The final part is for us to insert records into our custom database table and retrieve those values as well. There may be a few different approaches to this but normally in your Controllers or in our case with Umbraco it would be SurfaceControllers we would have a few methods in a controller to deal with a blog comment form post and also another for listing out the blog post comments to a partial view.

using System;
using System.Collections.Generic;
using System.ComponentModel.DataAnnotations;
using System.Linq;
using System.Web;
using System.Web.Mvc;
using Umbraco.Web.Mvc;

namespace MyWebsite.controllers.SurfaceControllers
{
    // I don't encourage you to put your viewmodel class in your surface controller, only done for this example for readability
    public class BlogPostViewModel
    {
        [Required]
        public string Name { get; set; }

        [Required]
        [EmailAddress]
        public string Email { get; set; }

        [Url]
        public string Website { get; set; }

        [Required]
        public string Message { get; set; }
    }

    public class BlogSurfaceController : SurfaceController
    {
        [HttpGet]
        public ActionResult RenderComments()
        {
            //Connect to the Umbraco DB
            var db = ApplicationContext.DatabaseContext.Database;

            //Get the current Umbraco Node ID
            var currentNodeId = UmbracoContext.PageId.Value;

            //Get an IENumberable of BlogComment objects to iterate over
            var comments = db.Query("SELECT * FROM BlogComments WHERE BlogPostUmbracoId=@0", currentNodeId);

            //Return the view with our model and comments
            return PartialView("viewComments", comments);
        }

        [HttpPost]
        public ActionResult HandleCommentPost(BlogPostViewModel model)
        {
            //Check if the data on the model is valid
            if (!ModelState.IsValid)
            {
                //There was a validation error with the data
                return CurrentUmbracoPage();
            }

            //Continue processing the data...

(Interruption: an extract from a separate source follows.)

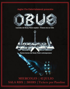 La histórica banda española de heavy metal Obús confirma su esperado debut en Chile. Tras más de cuatro décadas de trayectoria y marcando un hito en la escena ibérica, el cuarteto liderado por Fortu Sánchez y Paco Laguna aterrizará por primera vez en Santiago este miércoles 2 de julio desde las 20 h. El encuentro será en el Sala RBX, en una noche cargada de clásicos y energía que promete quedar en la memoria de los fanáticos del fierro.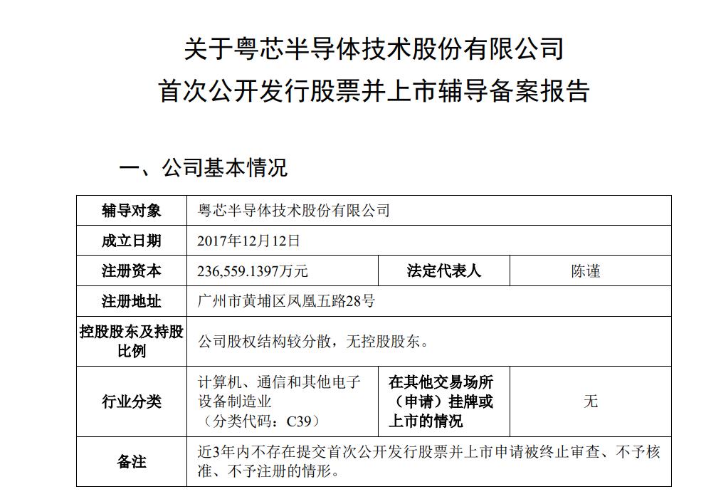 近日,据证监会官网信息,粤芯半导体技术股份有限公司(以下简称“粤芯半导体”)向广东证监局提交IPO辅导备案,辅导机构为广发证券。

            //Create new Blog Post object
            var blogPostToAdd = new BlogComment();

            //Set values from view model & grab the current node ID
            blogPostToAdd.UmbracoNodeId = UmbracoContext.PageId.Value;
            blogPostToAdd.Name          = model.Name;
            blogPostToAdd.Email         = model.Email;
            blogPostToAdd.Website       = model.Website;
            blogPostToAdd.Message       = model.Message;

            //Get the Umbraco db
            var db = ApplicationContext.DatabaseContext.Database;

            //Add the object to the DB
            db.Insert(blogPostToAdd);

            //All done - redirect to the page
            return RedirectToCurrentUmbracoPage();
        }
    }
}

Well that’s it apart from a Razor Partial View to loop over the IENumberable of Blog Comments so they can be displayed on the client side of the site.

Would love to hear your thoughts & ideas on this.